A Chicago Landmark Decision
On May 28th, the Illinois Supreme Court denied the City of Chicago’s petition for leave to appeal a recent appellate ruling that the longstanding Chicago Landmark Ordinance (the “Ordinance”) is unconstitutional. By refusing to hear the appeal, the Supreme Court upheld the decision of the Illinois Appellate Court, First District, that the Ordinance is unconstitutionally vague and constitutes an improper delegation of authority. The appellate case was decided on March 6th. Hanna v. City of Chicago, No. 1-07-3548 (Ill. Ap. Ct.).
Enacted in 1968, the Ordinance protects buildings, sites and districts that meet certain criteria and are recommended by the Commission on Chicago Landmarks (the “Commission”). The Ordinance provides that potential landmarks shall be evaluated by their visual features, distinctive themes, and associations with a critical part of Chicago’s heritage, significant historical events or persons, or significant architects or architectural styles. Over 250 individual designations and 50 district designations have been conferred under the Ordinance, encompassing approximately 9,000 Chicago properties.

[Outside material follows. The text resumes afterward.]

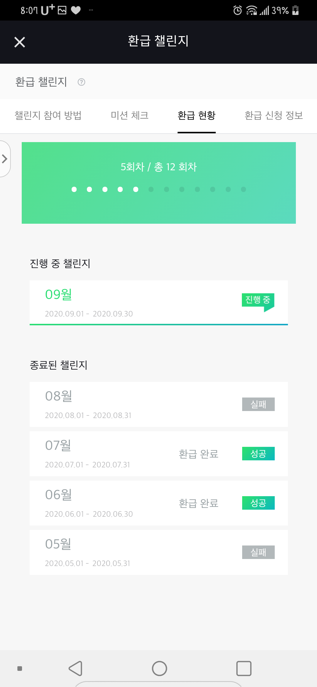 드디어 환급을 몇번 받아봐서 올려본다. 1년의 미션을 하루도 빠뜨리지 않고 하면 엄청나게 많이 받게 되지만, 솔직히 엄청 힘들다. 개인적으로 12개월 중에 노력을 엄청해서 7~8개월정도는 환급을 받을 수 있을 것으로 예상된다.

Further appeals of Hanna are possible, but the ultimate invalidation of the Ordinance would have significant implications for real estate development in Chicago. On one hand, developers would have greater flexibility in demolishing and redeveloping Chicago properties and districts that lose the landmark designation. On the other hand, landmark status confers upon designated properties certain tax incentives for rehabilitation, and the loss of these incentives would likely discourage such rehabilitation. Of course, these effects may be avoided or mitigated if the City Council remedies the constitutional deficiencies of the Ordinance so that current landmarks may be redesignated under a valid statute.
Hanna involves plaintiffs owning properties in two designated landmark districts in the Arlington-Deming and East Village neighborhoods of Chicago. The plaintiffs filed a 20-count complaint against the City of Chicago (the “City”) and the Commission alleging the Ordinance was invalid on its face and as applied to plaintiffs’ properties and the districts in which those properties are located. The trial court dismissed 19 of the 20 counts for failure to state a cause of action. Plaintiffs appealed.

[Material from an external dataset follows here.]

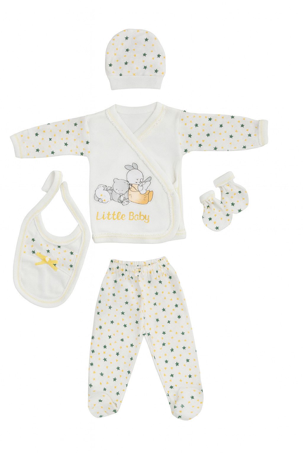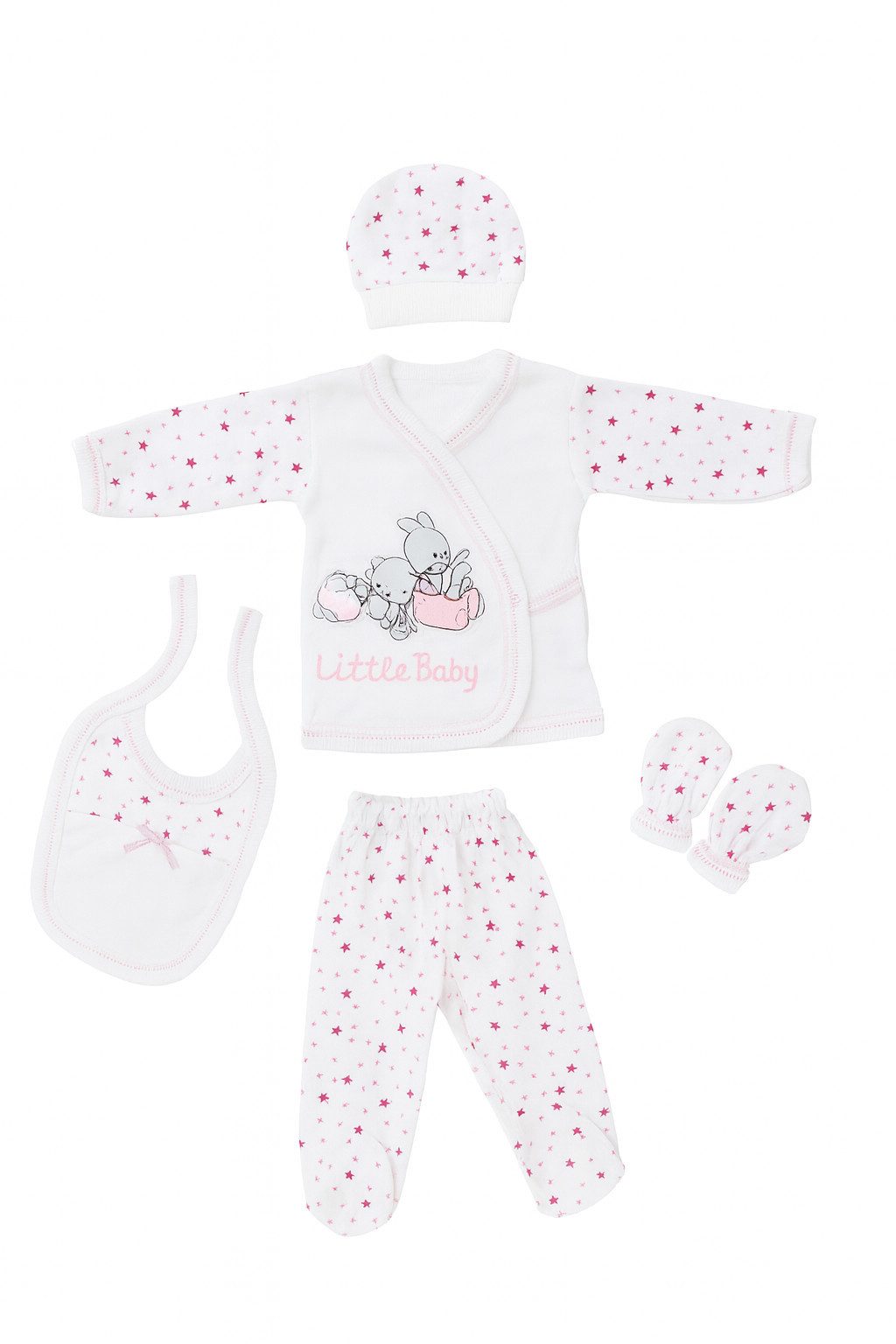 Dieses liebevoll gestaltete 5-teilige Baby-Outfit in Размер 56 ist ideal für Neugeborene. Das Langarm-Wickelshirt mit süßem Hasenprint wird kombiniert mit passender Hose, Mütze, Lätzchen und Fäustlingen – alles in harmonisch abgestimmtem Design mit Sternchenmuster.

First, the Appellate Court addressed plaintiffs’ assertion that the Ordinance is unconstitutionally vague and ambiguous in violation of plaintiffs’ due process rights under the Illinois Constitution. The Appellate Court found that the Ordinance’s criteria for assigning landmark status contained “vague, ambiguous, and overly broad” terms and that the City had failed to show how the criteria guided evaluation of “whether a building or district will be deemed to have value or importance.” Moreover, the Appellate Court found that the qualifications specified in the Ordinance for selecting Commission members were “equally vague.” As a result, the Appellate Court held that plaintiffs’ vagueness claim stated a cause of action and should not have been dismissed by the trial court.
Second, the Appellate Court addressed plaintiffs’ assertion that the Ordinance is an improper delegation of legislative authority to an administrative body without intelligible standards for its exercise. The Appellate Court found that the City Council had granted the Commission discretionary authority to act because the Commission’s recommendations become law after one year without any requirement that the City Council review or vote to confirm the recommendations. Consistent with its prior analysis, the Appellate Court also found that the Ordinance’s criteria for landmark status did not provide the Commission with intelligible standards. As a result, the Appellate Court held that plaintiffs’ claim relating to improper delegation of authority stated a cause of action and should not have been dismissed by the trial court.
The Appellate Court remanded the case to the trial court to determine whether the Ordinance is invalid on its face. By declining to review the appellate decision, the Supreme Court left this determination in the hands of the trial court. However, in light of the prior appellate decision, the trial court should follow the lead of the Appellate Court and find the Ordinance invalid.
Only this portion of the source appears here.